■ **How to complete this task**
Set down, exactly as written, the lines from the line holding "そもそも排ガス不正事件が欧州" to the end of the data, inclusive, skipping any pictures.

[Records from a dataset]
§ §
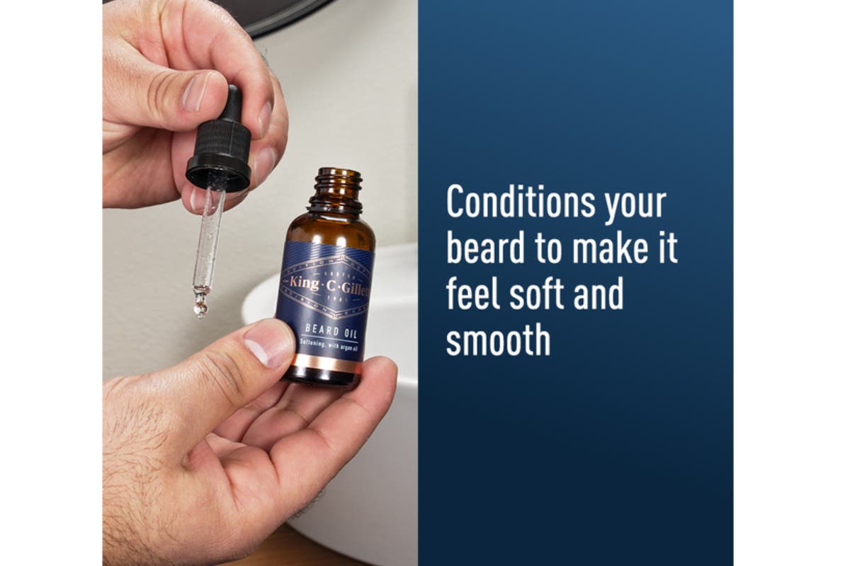The King C. Gillette Men’s Beard Oil is designed to soften coarse beard hair. It easily absorbs into beard hair, leaving it feeling soft and conditioned all day long.
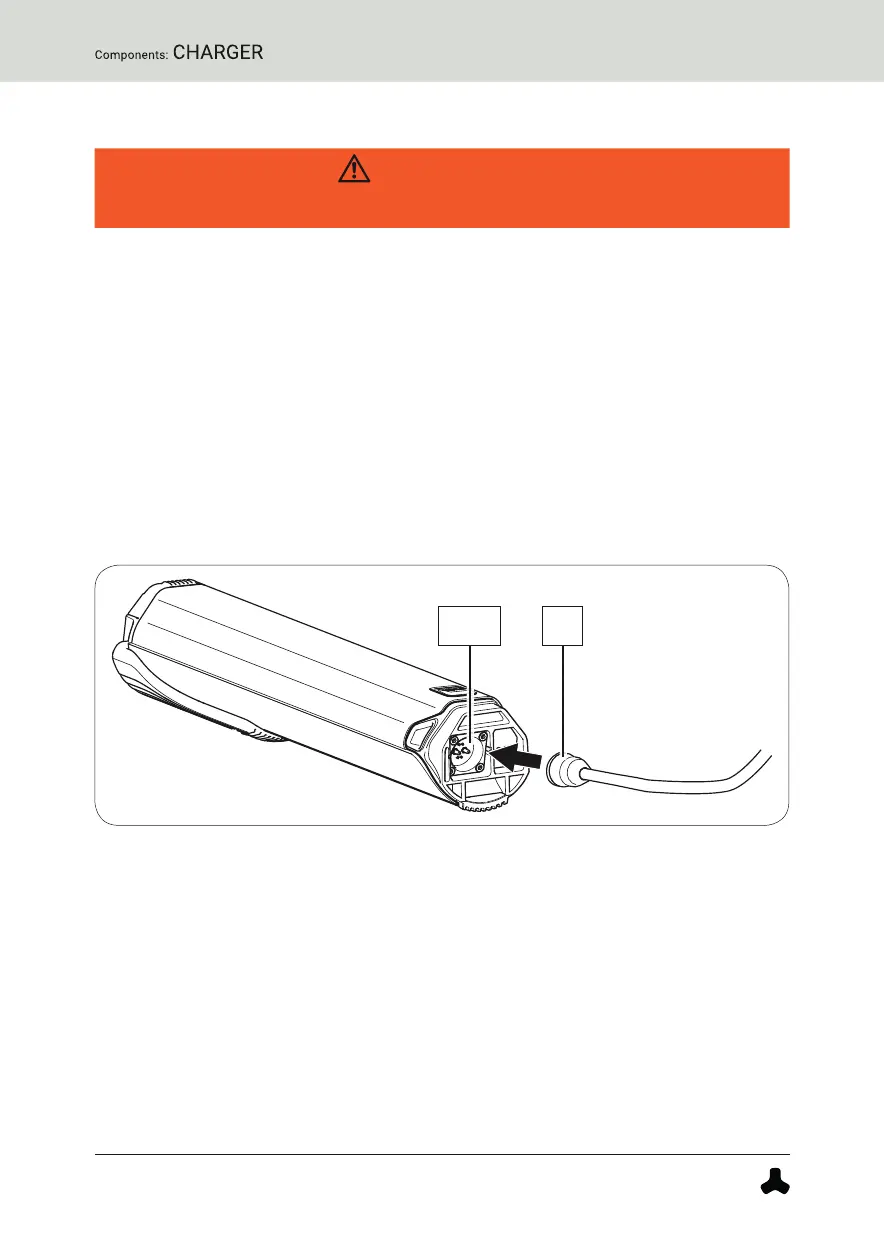 1. Plug the charger's charger plug into the charging socket on the battery.
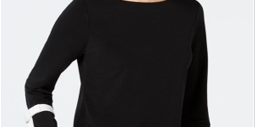 As gravatas coloridas nos punhos das mangas conferem um toque único a este top Charter Club de crepe sólido com decote redondo
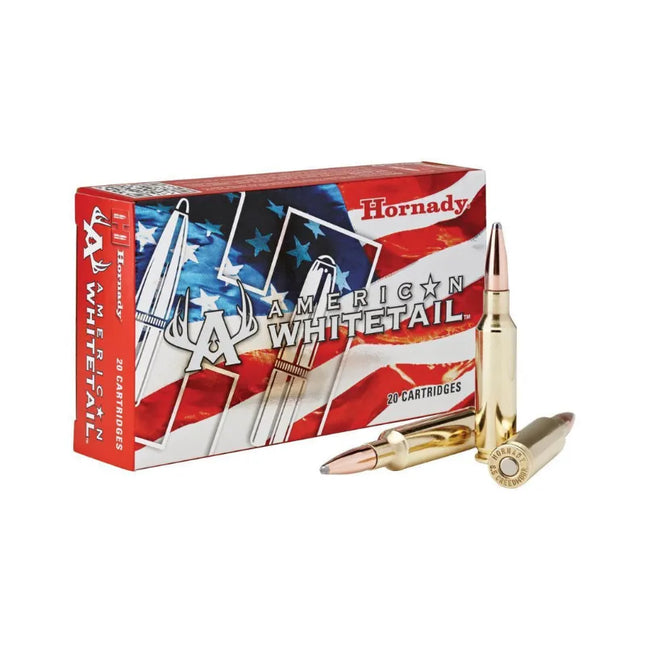 Opening day of deer season comes only once a year. Make sure you're ready when the big one steps out and load-up with Hornady® American Whitetail® ammunition. Loaded with our legendary Hornady® InterLock® bullets in weights that have been deer hunting favorites for decades, American Whitetail® ammunition combines generations of ballistics know-how with modern components and the technology you need to take the buck of a lifetime! Proudly made in the USA! INTERLOCK® BULLETS InterLock® bullets feature exposed lead tips for controlled expansion and hard-hitting terminal performance. Bullets used in American Whitetail® ammunition feature our pioneering secant ogive design and exclusive InterLock® ring — a raised ring inside the jacket that is embedded in the bullet's core that keeps the core and jacket locked together during expansion to retain mass and energy. POWDERS Loaded to conventional velocities, powder is matched to each load for optimum pressure and consistency, ensuring each load is compatible with semi-autos as well. CASE AND PRIMER Like all Hornady® ammunition, our American Whitetail® rounds use the highest quality cases and primers available. Consistent components translate to consistent shooting in the field.
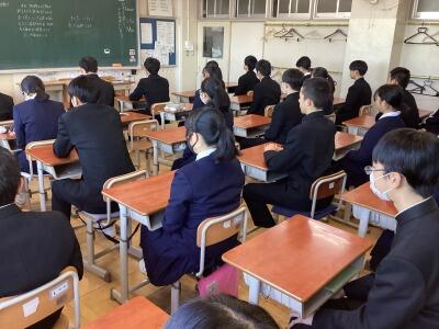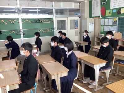 インフルエンザなどの感染症拡大を危惧して、教室にて放送を聞く形で実施しました。
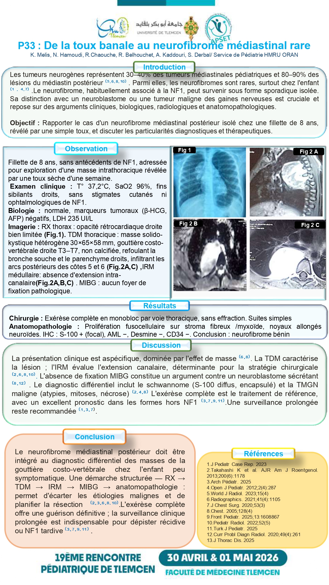 K. MELIS, N. HAMOUDI, R. CHAOUCHE, R. BELHOUCHET, A. KADDOURI, S. DERBAL Service de pédiatrie HMRU Oran Introduction : Les tumeurs neurogènes constituent 40-50 % des masses médiastinales postérieures pédiatriques, dominées par neuroblastomes/ganglioneuromes. Le neurofibrome sporadique (sans NF1) est exceptionnel (< 5
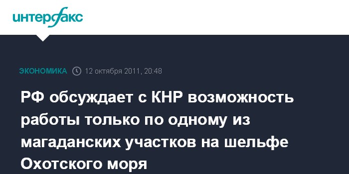 Черемушки (Хакасия). 12 октября. INTERFAX.RU - Российская сторона обсуждает с Китаем возможность работы только по одному из трех магаданских участков на шельфе Охотского моря, сообщил журналистам вице-премьер РФ Игорь Сечин.
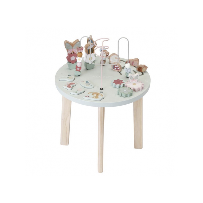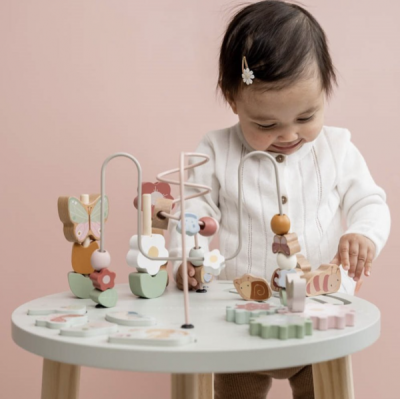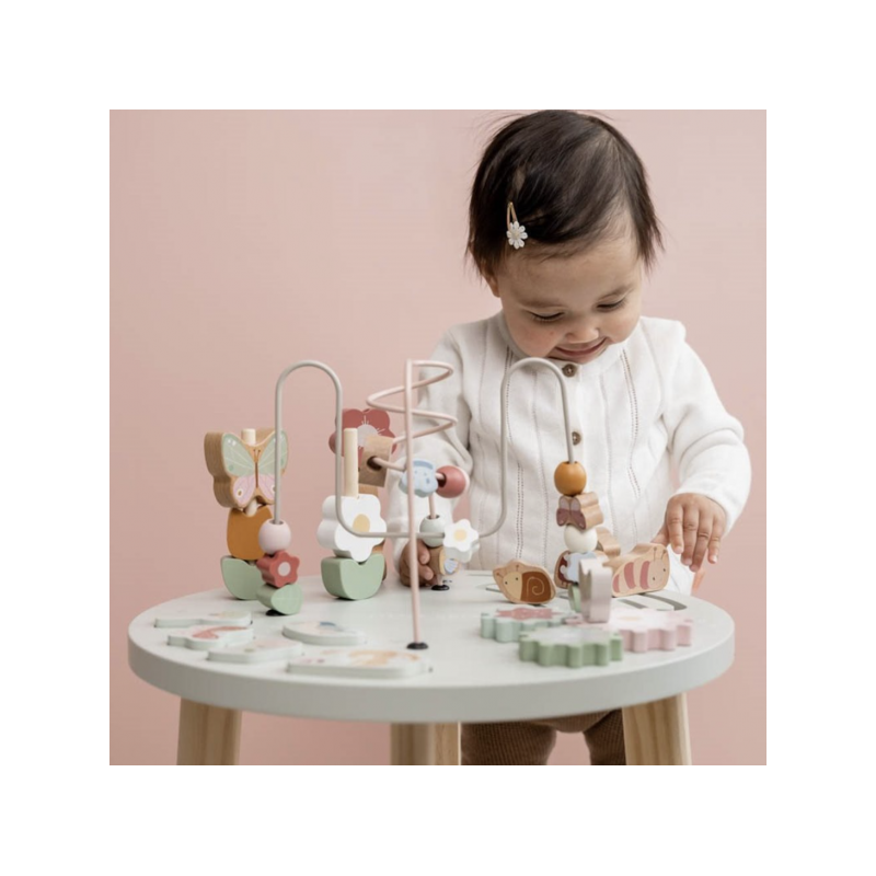 Alzati per giocare! Scopri tutte le tante attività che questo tavolo ha da offrire. Aiuta le farfalle a portare le perline lungo la spirale. Oppure costruisci una torre di fiori. Completa il puzzle, gira le ruote e attraversa i campi fioriti con il coniglietto, il bruco o la coccinella. Questo tavolo multiattività in legno sfida il tuo piccolo in molti modi. Ci sono 5 attività da esplorare, ciascuna delle quali supporta lo sviluppo delle capacità motorie fini. Grazie al design sicuro ed equilibrato, il tavolo attività favorisce anche la posizione eretta. E stare sveglio! Perché le numerose funzionalità manterranno impegnato il tuo bambino per un po'.
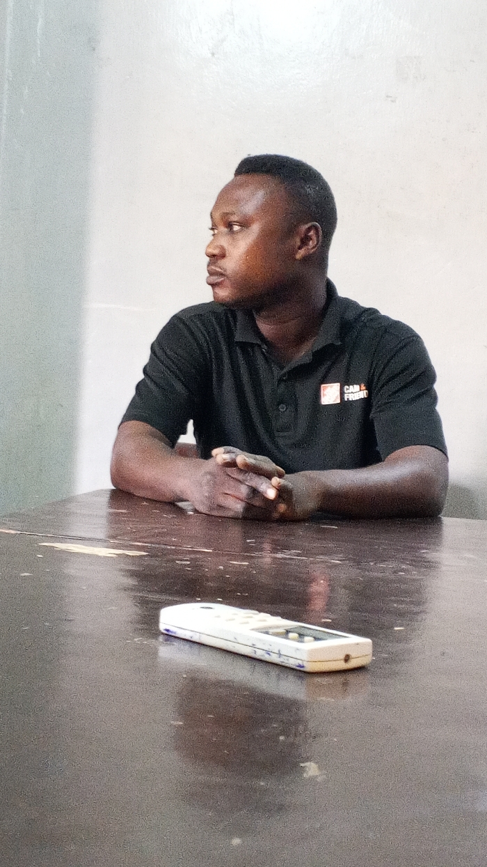An adult male, appearing to be of African descent, is seated at a dark brown wooden table in an indoor setting in Dakata, Nigeria
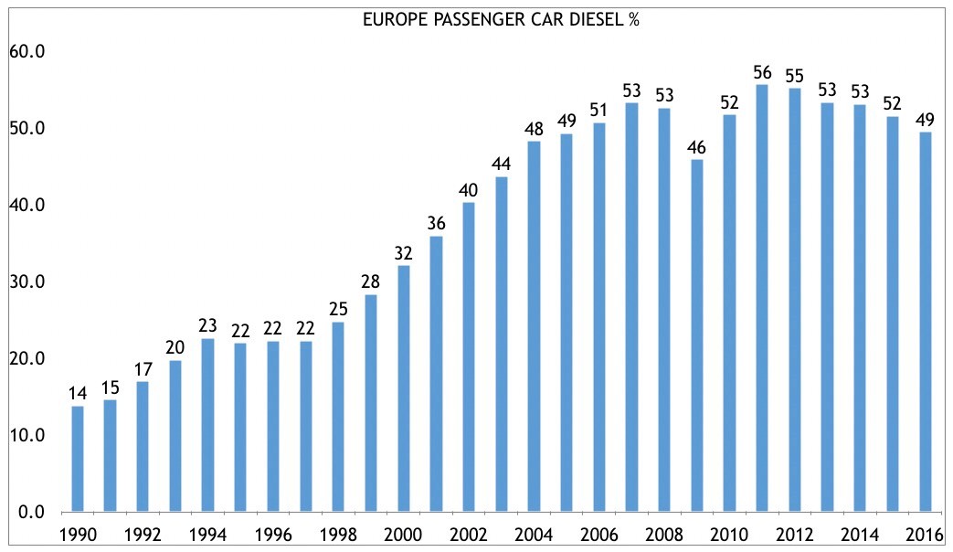そもそも排ガス不正事件が欧州でこれだけ騒ぎになった理由は、もちろん事件の本丸がEUの大国ドイツを代表する世界に冠たる大企業フォルクスワーゲンだったことも当然なのですが、やはり彼の地のディーゼル比率の高さにあるのかと思います。
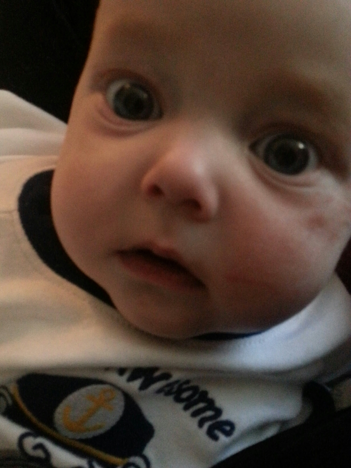 He only smiles around once per day instead of one million because he feels so lousy.  But those smiles mean so much to us so we will take ’em ;-).
§ §
■ **Solution for this problem**
そもそも排ガス不正事件が欧州でこれだけ騒ぎになった理由は、もちろん事件の本丸がEUの大国ドイツを代表する世界に冠たる大企業フォルクスワーゲンだったことも当然なのですが、やはり彼の地のディーゼル比率の高さにあるのかと思います。
 He only smiles around once per day instead of one million because he feels so lousy.  But those smiles mean so much to us so we will take ’em ;-).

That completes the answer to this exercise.